= Le dís cuirthear clú Laighean =

Poem in Irish

"Le dís cuirthear clú Laighean" is a poem found only in the Tinnakill Duanaire on folio 34r. It was composed for the brothers Aodh Buidhe Mac Domhnaill and Alasdar of Tinnakill, Queen's County, by Muircheartach Ó Cobhthaigh. It dates from about 1570.

In the poem, Ó Cobhthaigh refers to the brothers as heroes and Gallowglass leaders. Aodh Buidhe is accorded the most attention, while his wife Máire Ní Mhórdha is the subject of three additional quatrains.

Neither brother is referred to as Mac Domhnaill (i.e., the head of the clan), and Raghallaigh suggests it may have a bearing on a possible dispute between Aodh Buidhe and Alasdar for the chieftainship. While Aodh Buidhe is given laudatory praise, Alasdar is portrayed as a 'fearsome warrior' who is nevertheless subordinate to his brother. Nevertheless, Alasdar succeeded on the death of their father, An Calbach, in 1570. He held the position till his death in 1577, following which Aodh Buidhe succeeded him.

==The dunaire==

A dunaire were poem-books composed in Gaelic Ireland, usually concerning members of a single family. The Tinnakill Dunaire is held in Dublin, where it is listed as Trinity College Dublin 1340. The likely patron was Aodh Buidhe himself.

==The poem==

The first verse is quoted as follows; the translation is by Eoghan Ó Raghallaigh, cited below.

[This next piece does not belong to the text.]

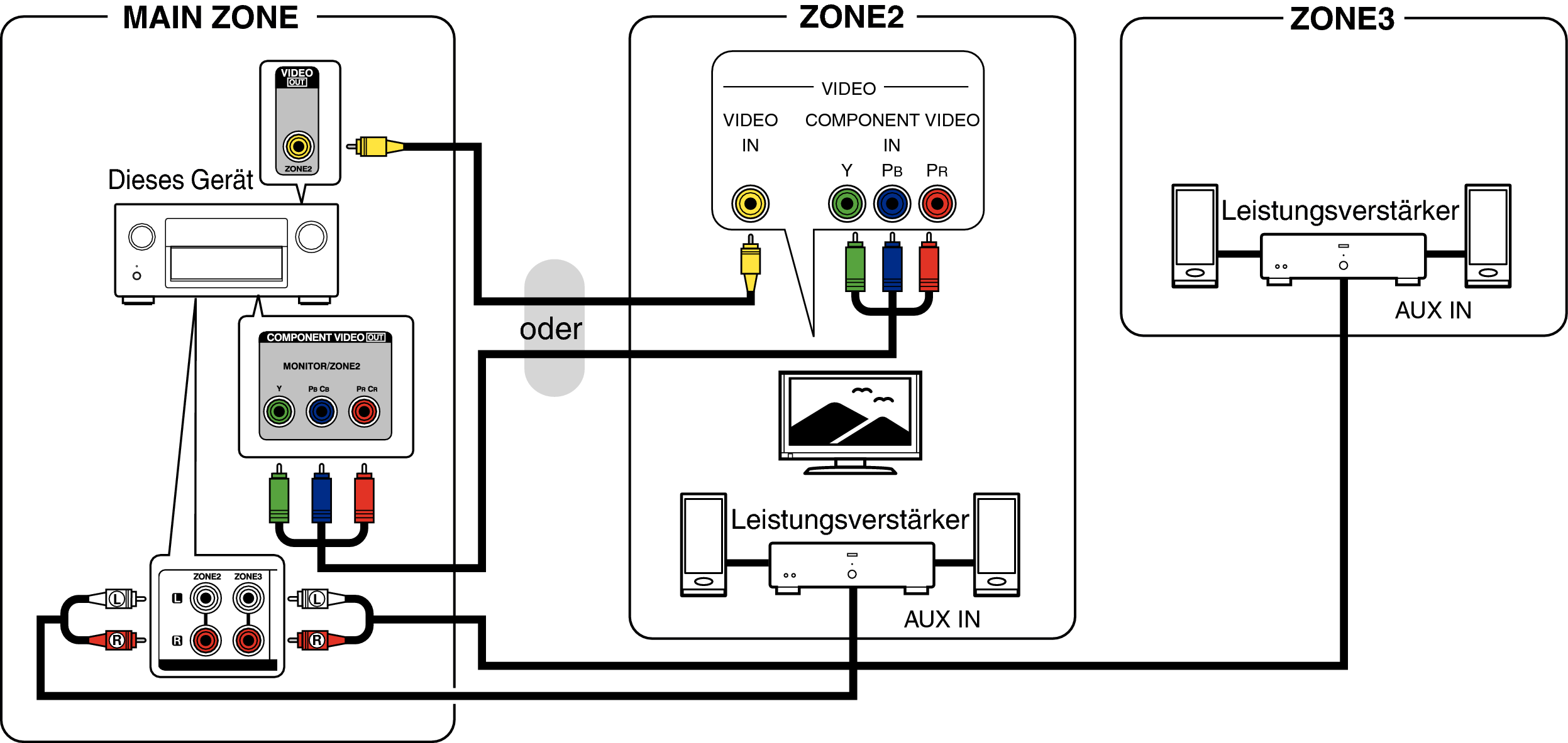 Die Audiosignale an den Audioausgängen von ZONE2 und ZONE3 des Geräts werden über die Leistungsverstärker für ZONE2 und ZONE3 ausgegeben.

Le dís cuirthear clú Laighean;
clú 'na gcumaidh ní fog[h]ar;
ní t[h]éid barr dáibh nach dleag[h]ar;
mall treabhadh cáigh 'na gcom[h]ar.

The fame of the men of Leinster is spread by two men;
fame comparage with theirs is not to be found;
they are entitled to their pre-eminence;
others progress slowly in comparison with them'.